§ Material for this task:
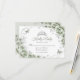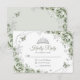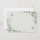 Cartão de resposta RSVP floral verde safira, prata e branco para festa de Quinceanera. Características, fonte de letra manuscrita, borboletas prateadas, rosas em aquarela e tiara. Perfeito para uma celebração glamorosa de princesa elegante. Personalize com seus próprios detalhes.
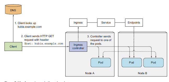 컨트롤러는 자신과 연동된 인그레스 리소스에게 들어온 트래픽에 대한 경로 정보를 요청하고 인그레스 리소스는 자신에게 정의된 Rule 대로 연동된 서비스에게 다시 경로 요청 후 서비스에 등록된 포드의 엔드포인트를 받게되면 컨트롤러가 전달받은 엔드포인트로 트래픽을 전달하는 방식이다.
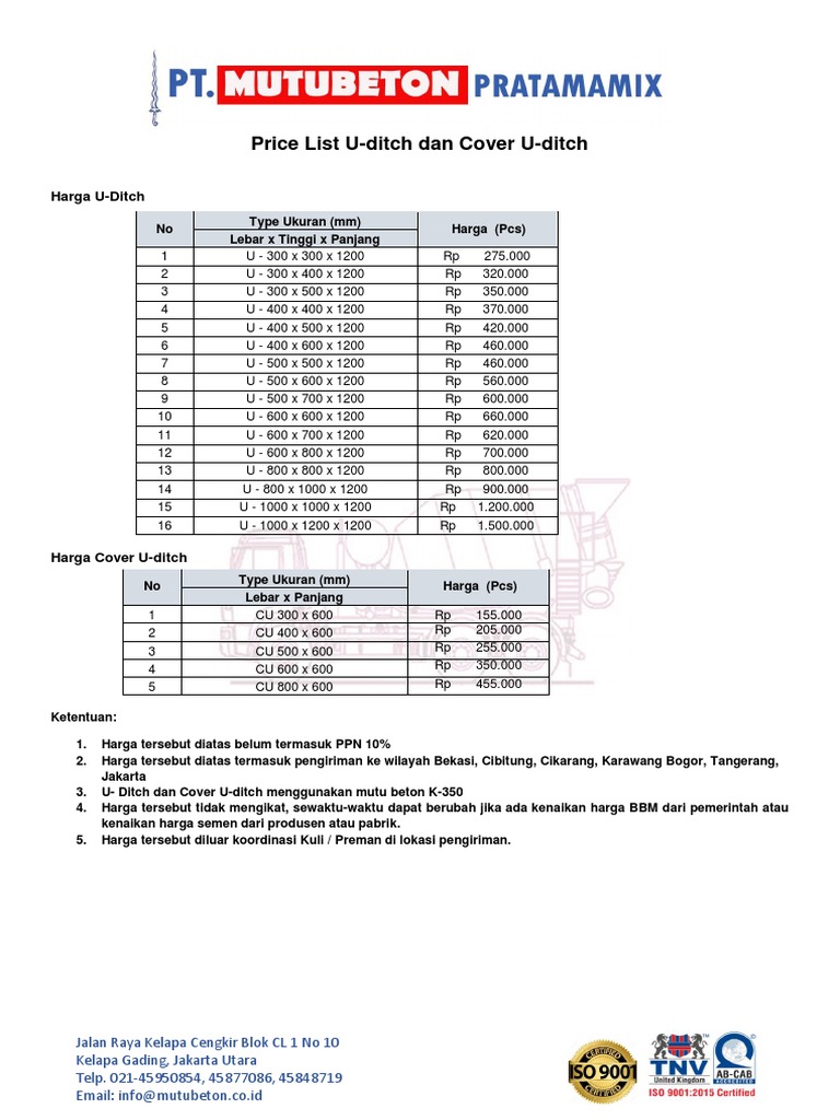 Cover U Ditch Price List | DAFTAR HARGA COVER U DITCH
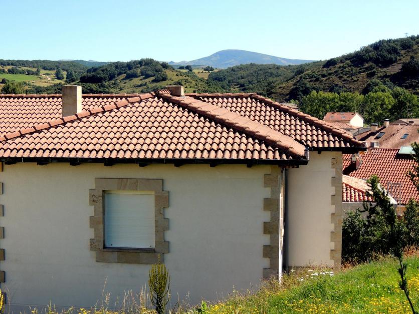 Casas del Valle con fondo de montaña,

...

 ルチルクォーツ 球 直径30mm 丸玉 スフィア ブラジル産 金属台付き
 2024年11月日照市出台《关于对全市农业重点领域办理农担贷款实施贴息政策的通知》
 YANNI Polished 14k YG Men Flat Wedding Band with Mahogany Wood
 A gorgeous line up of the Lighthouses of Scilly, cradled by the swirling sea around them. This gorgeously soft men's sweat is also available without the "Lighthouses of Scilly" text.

--

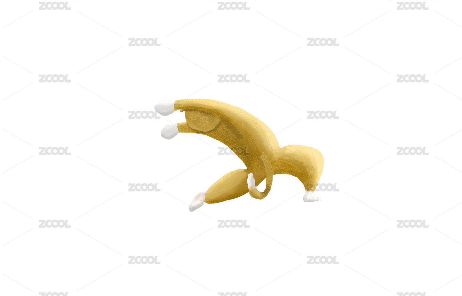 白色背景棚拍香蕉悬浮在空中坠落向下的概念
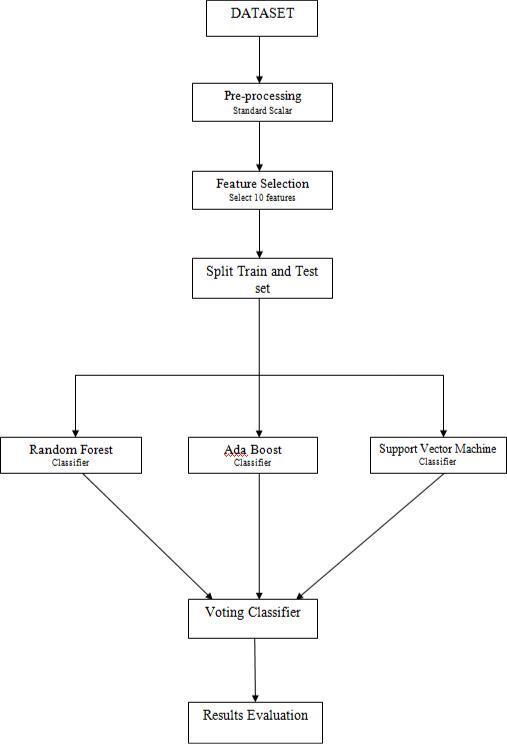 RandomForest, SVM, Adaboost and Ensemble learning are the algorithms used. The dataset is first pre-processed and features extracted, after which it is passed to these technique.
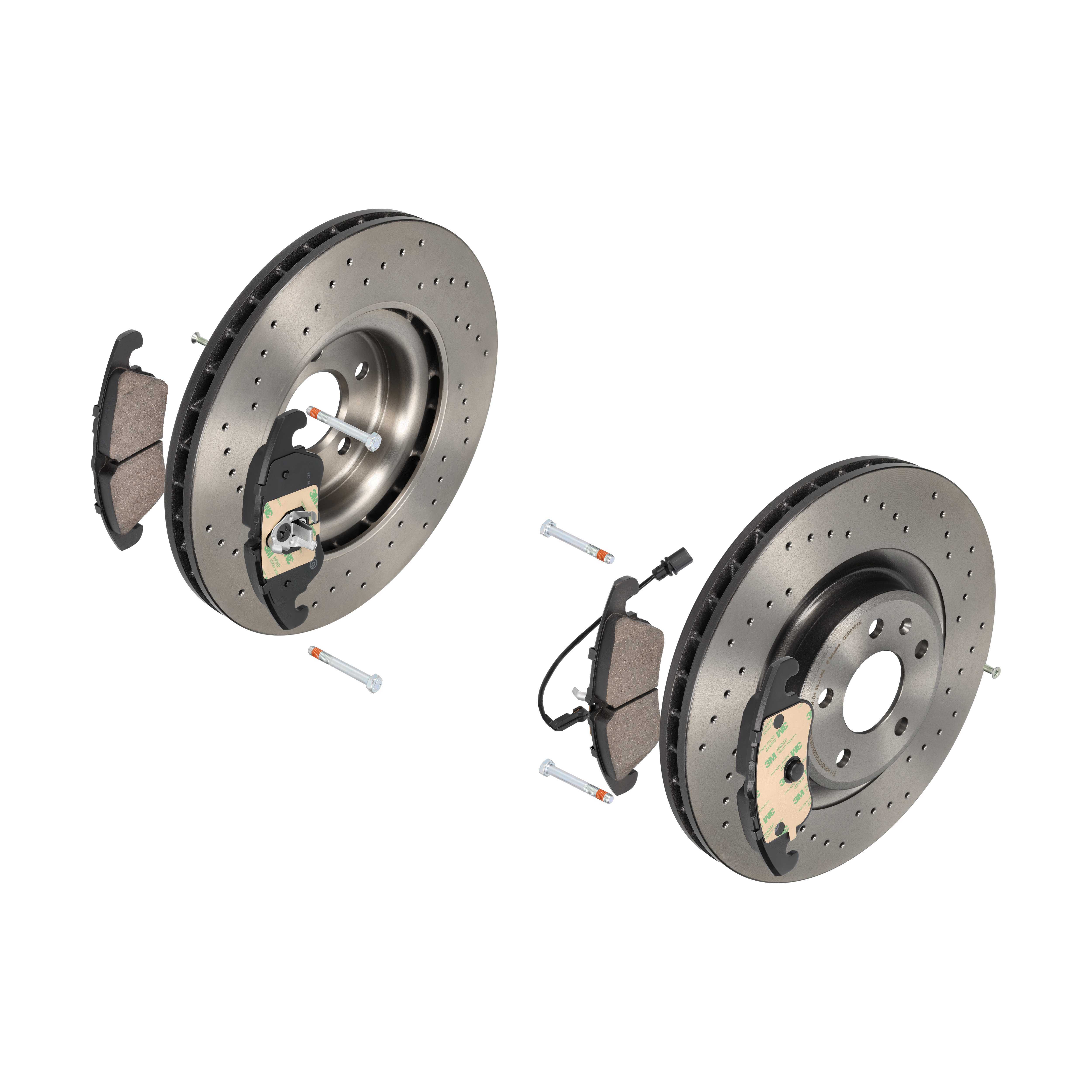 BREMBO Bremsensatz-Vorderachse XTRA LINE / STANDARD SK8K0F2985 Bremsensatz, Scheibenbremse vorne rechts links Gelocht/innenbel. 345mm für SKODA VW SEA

§ About this task: Given the records above, return the lines starting at the one that holds "Cartão de resposta" and ending at the one that holds "Casas del Valle", exactly, and nothing besides; leave every picture out.

§ Output below:
 Cartão de resposta RSVP floral verde safira, prata e branco para festa de Quinceanera. Características, fonte de letra manuscrita, borboletas prateadas, rosas em aquarela e tiara. Perfeito para uma celebração glamorosa de princesa elegante. Personalize com seus próprios detalhes.
 컨트롤러는 자신과 연동된 인그레스 리소스에게 들어온 트래픽에 대한 경로 정보를 요청하고 인그레스 리소스는 자신에게 정의된 Rule 대로 연동된 서비스에게 다시 경로 요청 후 서비스에 등록된 포드의 엔드포인트를 받게되면 컨트롤러가 전달받은 엔드포인트로 트래픽을 전달하는 방식이다.
 Cover U Ditch Price List | DAFTAR HARGA COVER U DITCH
 Casas del Valle con fondo de montaña,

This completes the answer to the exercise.